Atrizes em alta - Um trabalhador intelectual

Depois da chilena Paulina Garcia, é a vez da romena Luminita Gheorghiu roubar a cena em A Child's Pose Morto na sexta, o jornalista e tradutor Geraldo Galvão Ferraz era movido pela curiosidade, alheio a modismos

O Estado de S.Paulo

12 Fevereiro 2013 | 02h06

É sempre temerário fazer prognósticos antecipados num festival que ainda está no meio e Berlim não é a exceção. A chilena Paulina Garcia surgiu como fortíssima candidata ao prêmio de interpretação feminina e é possível continuar torcendo por ela, no belo filme de Sebastian Lelio, Gloria. Ontem, num breve encontro no palácio do festival, quando o repórter esperava para entrevistar o russo Boris Khlebnikov, de A Long and Happy Life, o próprio Lelio disse estar surpreso com a receptividade a seu filme. "Sempre achei que a história que queria contar valia a pena, mas o carinho das pessoas por Gloria superou minha expectativa." Paulina continua uma forte candidata a melhor atriz, mas ontem foi a vez da romena Luminita Gheorghiu dar seu show.

A Romênia foi uma das cinematografias que se impuseram nos anos 2000, nos grandes eventos internacionais de cinema. Seus autores ainda não acabaram de nos surpreender, mas é Luminita quem domina Child's Pose, de Calin Peter Netzer, no papel de uma mãe dominadora que tenta proteger o filho que matou um garoto num acidente carro. Logo no começo do filme, Luminita, fumando sem parar, queixa-se para a cunhada da desatenção do filho, que se recusa a vê-la mesmo em seu aniversário. A recepção, a seguir, reúne políticos, artistas, toda a classe dirigente romena. São vulgares, prepotentes. E aí, ocorre a tragédia. A leoa, cutucada, reage. Luminita passa como um trator sobre policiais, a família da criança morta. Só o que lhe interessa é o filho, mesmo que ele a odeie. É uma personagem detestável, própria para outra representação misantrópica da sociedade e do mundo.

E, então, as coisas começam a mudar e ela se humaniza. Duas cenas são exemplares - o diálogo, enfim, com o filho, e a visita à família do morto. Despida da sua capa de arrogância, ela termina chorando com a mãe do menino. E quando começa a falar no filho, é como se ele também tivesse morrido - para ela. Child's Pose foi um dos melhores filmes até agora, com o chileno e o russo. Há outro acidente de carro, com morte, em Layla Fourie, da sul-africana Pia Marais. Apesar de todas as mudanças na sociedade do país, um resquício de racismo ainda permanece e aflora, por toques, quando uma mulher negra atropela um homem (branco) na estrada e tenta socorre-lo. Quando ele morre, Layla tenta esconder o crime, lançando o cadáver no lixo. Ela viaja com o filho, um garoto a quem cria sozinha. E ocorre de, em seguida, a protagonista se envolver com o filho da vítima. Que situação, hein?
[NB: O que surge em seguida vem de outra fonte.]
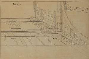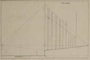 IV. That you would accustom yourself in Works that have many Lines, to make the Perspective-Plans and Uprights for each Part distinct, so as to prevent all Danger of Confusion. Thus you may have one Plan and Upright for the Basement of a Building; and when that is drawn on your finish’d Piece, remove them, and place those of the Body of the House; and when that’s complete, do so by the Attick, &c. always observing so to place the Plan below, and the Upright on one side of your neat Draught, that your Drawing-Square may command each of them; which will mightily shorten your Work.
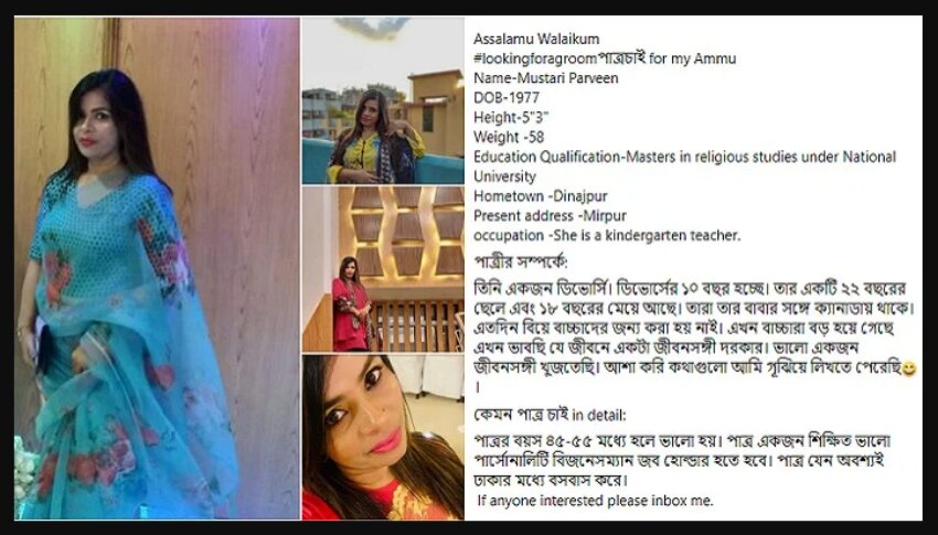 মায়ের সম্পর্কে বিস্তারিত তথ্যে ফারাহ জানান, ‘পাত্রীর নাম মুস্তারি পারভীন। জন্ম ১৯৭৭ সালে। উচ্চতা ৫ ফুট ৩ ইঞ্চি, ওজন ৫৮ কেজি। জাতীয় বিশ্ববিদ্যালয়ের অধীনে স্নাতকোত্তর সম্পন্ন করেছেন। স্থায়ী ঠিকানা: দিনাজপুর, বর্তমান ঠিকানা: মিরপুর। তিনি পেশায় একজন শিক্ষক।’

Pia tinha um material forte, mas o excesso de coincidência e o fato de querer abordar muitos temas ao mesmo tempo termina por diluir o que poderia e até deveria ser o impacto de seu filme. O romeno Netzer vai mais direto ao ponto. Explora conflitos familiares, sociais. De repente, a divisão de classes de seu filme tem alguma coisa de A Separação, de Asghar Farhadi, que iniciou aqui mesmo em Berlim, há dois anos, sua escalada internacional. Mas as atriz que faz Layla, Rayna Campbell, é muito boa - a Berlinale de 2013 arrisca-se a entrar para a história por suas atrizes (e mulheres) fortes.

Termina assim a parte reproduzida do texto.